**WORK ORDER**
Return only the lines from the top of the data down to the one that holds "在某項(xiàng)目中,一", both included, without any pictures.

START DATA TO PROCESS

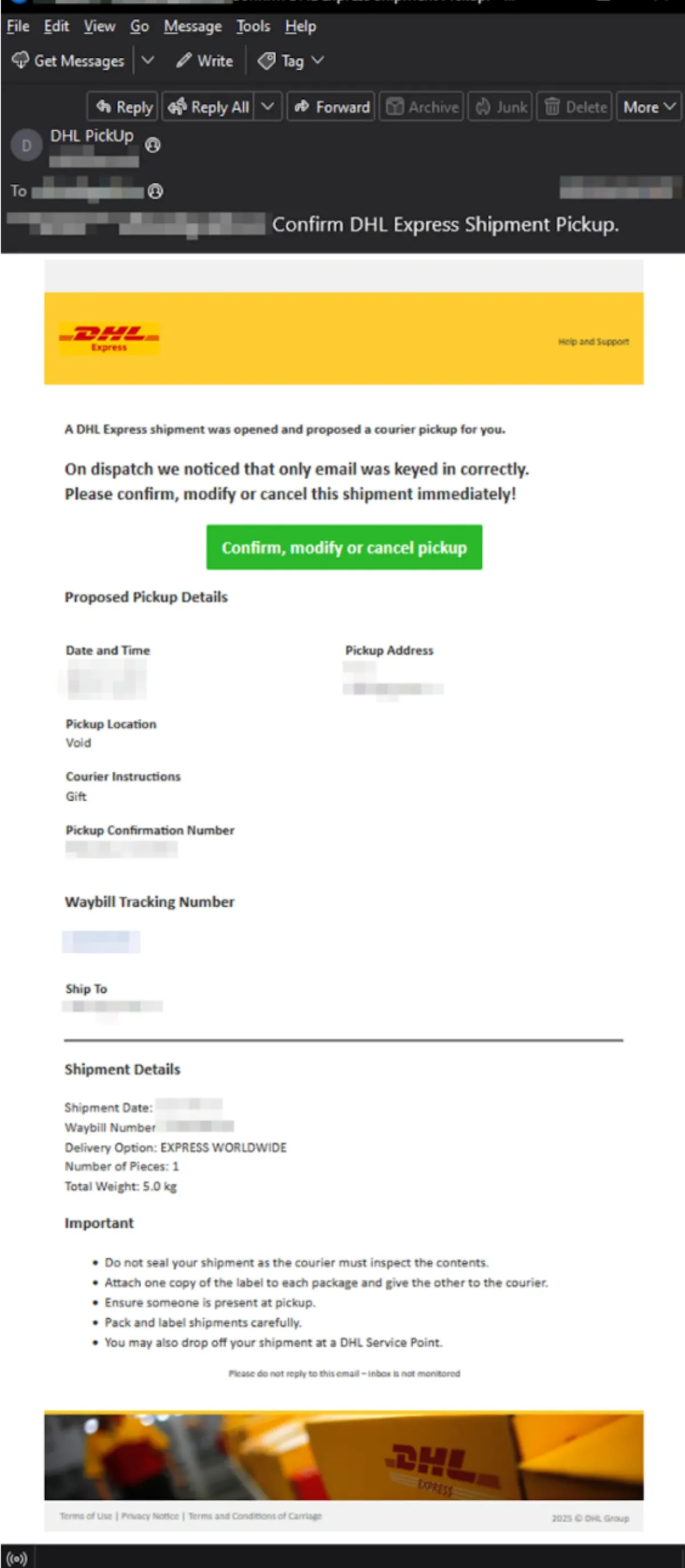 • Unprofessional layout and missing shipment details - The email design is sloppy, and key information like a real pickup address and customer account number is missing — not what you'd expect from DHL or NZ Post.
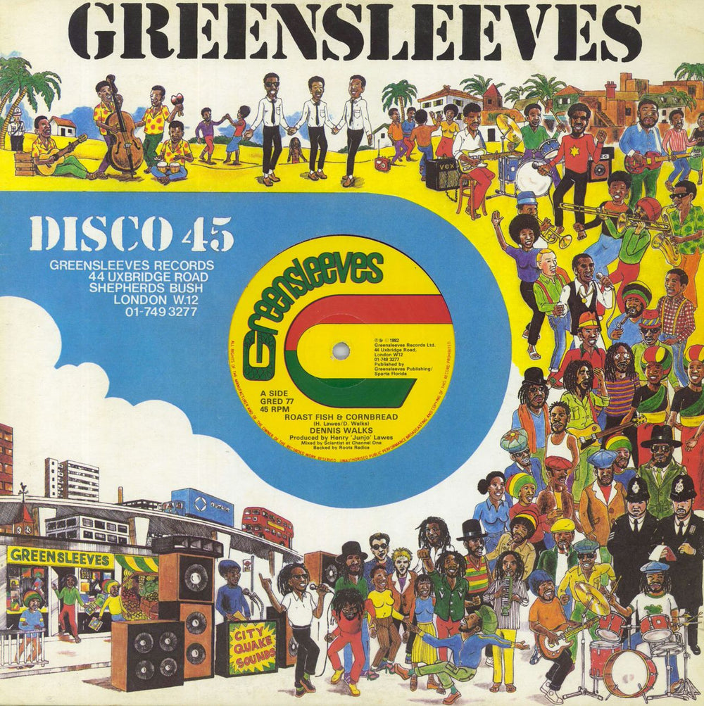 DENNIS WALKS Roast Fish & Cornbread / Wicked She Wicked (1982 UK 2-track 12" vinyl single, Greensleeves company die-cut sleeve. The labels are clean and the vinyl is VG+ with light axial wear GRED77)
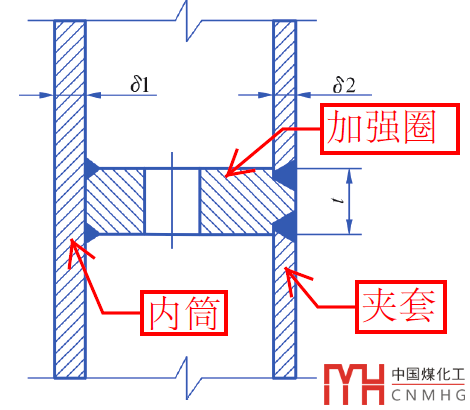 在某項(xiàng)目中,一臺(tái)夾套容器,由于夾套壓力很高,按照夾套完整的包住內(nèi)筒,內(nèi)筒壁厚非常厚。
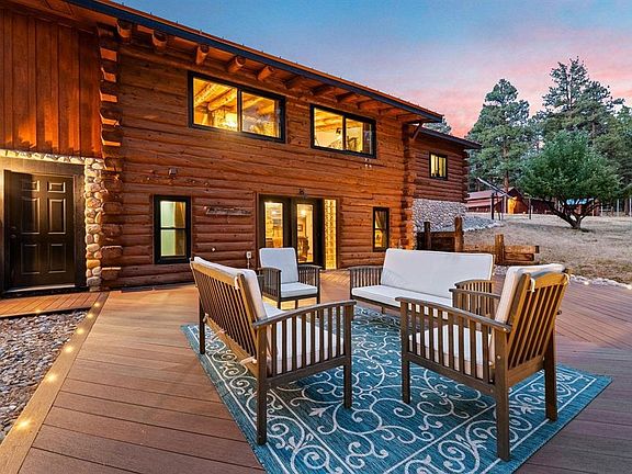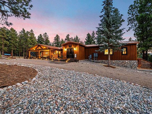 Experience "Whispering Pines Ranch" a Colorado ranch estate that combines timeless craftsmanship, modern sophistication, and the beauty of all four seasons. Perfectly positioned between Durango and Pagosa Springs, and just minutes from Bayfield, this 55-acre Ponderosa Pine filled sanctuary offers rare privacy, seamless access to the San Juan National Forest, and a lifestyle where elegance meets adventure. The 5,000 sq. ft. plus residence has been designed through the artistry of a master cabinet maker and the vision of an interior designer. Every finish reflects quality and intention—custom walnut cabinetry, new Anderson windows, designer lighting, and rustic flavor. A thoughtful split-level design allows for versatile living, whether hosting extended family, offering private guest quarters, or enjoying the space as a multi-generational retreat. The newly added primary suite is a true sanctuary with heated floors, an expansive dressing room, and a spa-inspired bath. Additional comforts include a sauna, heated tile floors, a new front deck, and a private rear deck with a hot tub—perfect for soaking beneath Colorado’s starlit skies. While the home is extraordinary, the barn is nothing short of magnificent. Completely reimagined, it now serves as a unique gathering place—equal parts rustic and refined. With exquisite woodwork, a custom bar, fireplace, and expansive recreational space, it’s ideal for hosting celebrations, intimate evenings with friends, or simply relaxing after a day on the trails. This remarkable structure elevates the entire estate into a destination. Year-round enjoyment is at the heart of this property: spring days tending the greenhouse and raised beds, summer adventures in the forest, autumn evenings gathered by the barn’s fireplace, and winter nights by the wood-burning stove after skiing or snowshoeing. Complimentary amenities include equestrian facilities, a new garage, expansive shop, tractor port, chicken coop, and even a built-in horseshoe pit. All buildings feature new standing seam metal roofing for durability and timeless style. Nature and recreation define the estate. A private pond draws abundant wildlife—wild turkey, deer, and majestic elk roam freely across the property. A dedicated private hiking trail meanders through the forest, creating year-round opportunities for exploration, from spring wildflowers to golden autumn aspens and quiet winter snowshoeing. This estate represents the pinnacle of Colorado living—luxury, seclusion, and the rare opportunity to own a property that is as functional as it is unforgettable.
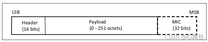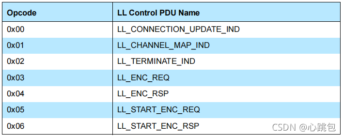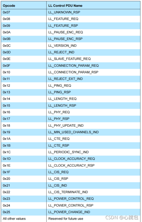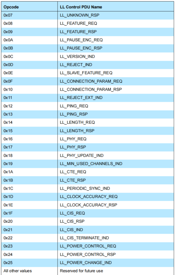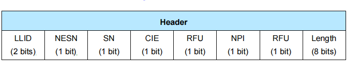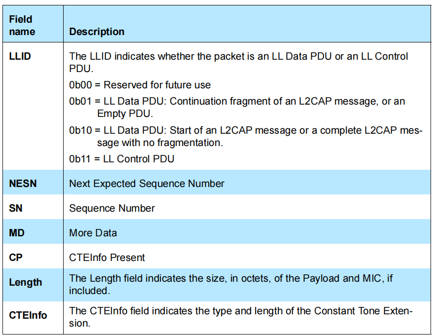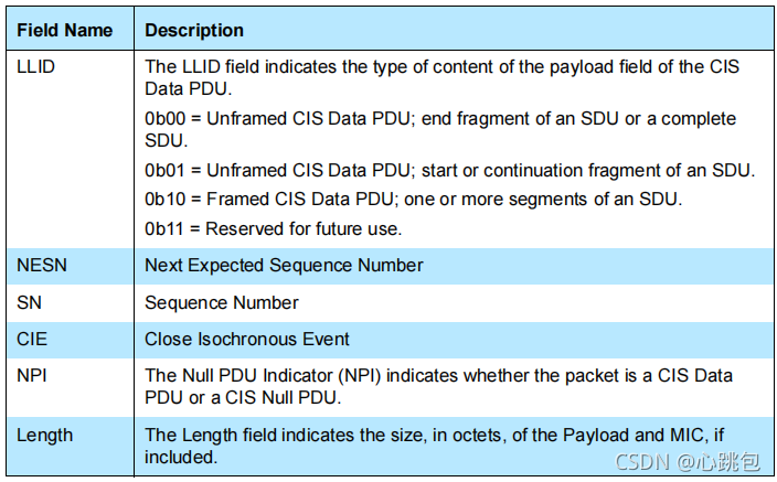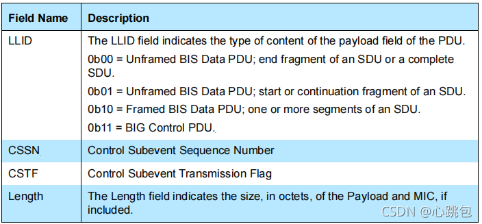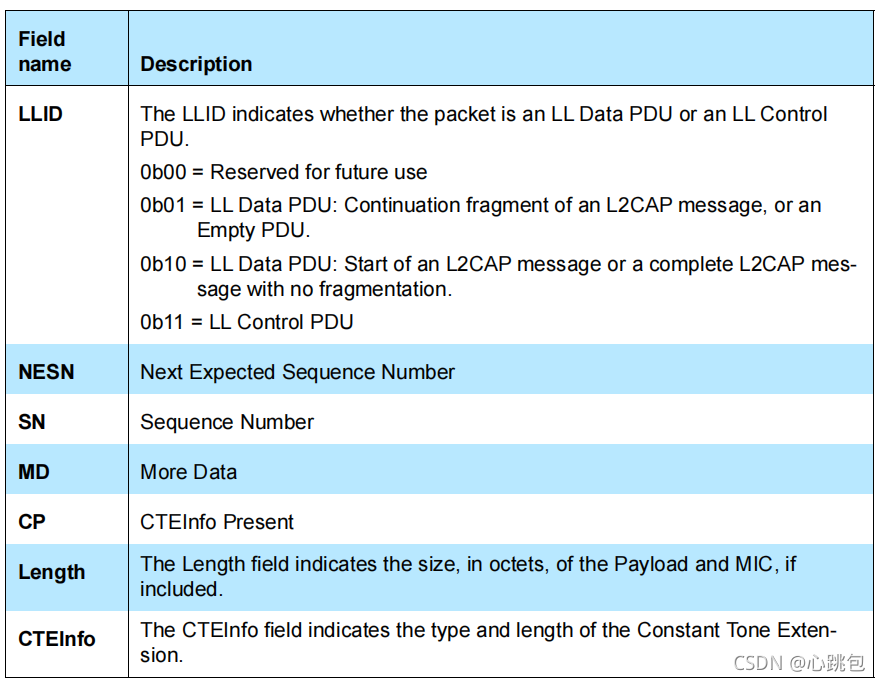 | PDU | 序言和访问地址后面是一个PDU。当数据包在主或次广告物理频道或周期物理通道上传输时,PDU应为第2.3节定义的广告物理频道PDU。当数据包在数据物理信道上传输时,PDU应为第2.4节中定义的数据物理信道PDU。当数据包在等时物理信道上传输时,PDU应为第2.6节中定义的等时物理信道PDU之一。 |
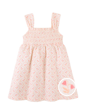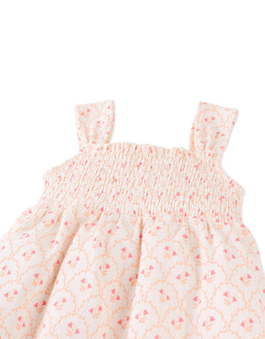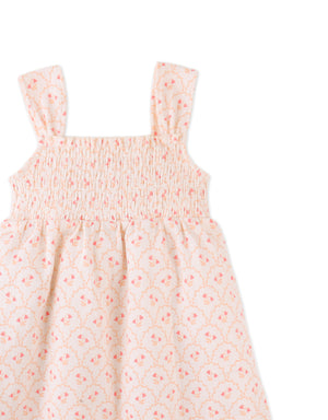 Brimming with softness, this strappy dress gathers warmth and whimsy with its smocked bodice and breathable texture, perfect for your little one's everyday adventures.

END DATA TO PROCESS

**YOUR RESPONSE**
 • Unprofessional layout and missing shipment details - The email design is sloppy, and key information like a real pickup address and customer account number is missing — not what you'd expect from DHL or NZ Post.
 DENNIS WALKS Roast Fish & Cornbread / Wicked She Wicked (1982 UK 2-track 12" vinyl single, Greensleeves company die-cut sleeve. The labels are clean and the vinyl is VG+ with light axial wear GRED77)
 在某項(xiàng)目中,一臺(tái)夾套容器,由于夾套壓力很高,按照夾套完整的包住內(nèi)筒,內(nèi)筒壁厚非常厚。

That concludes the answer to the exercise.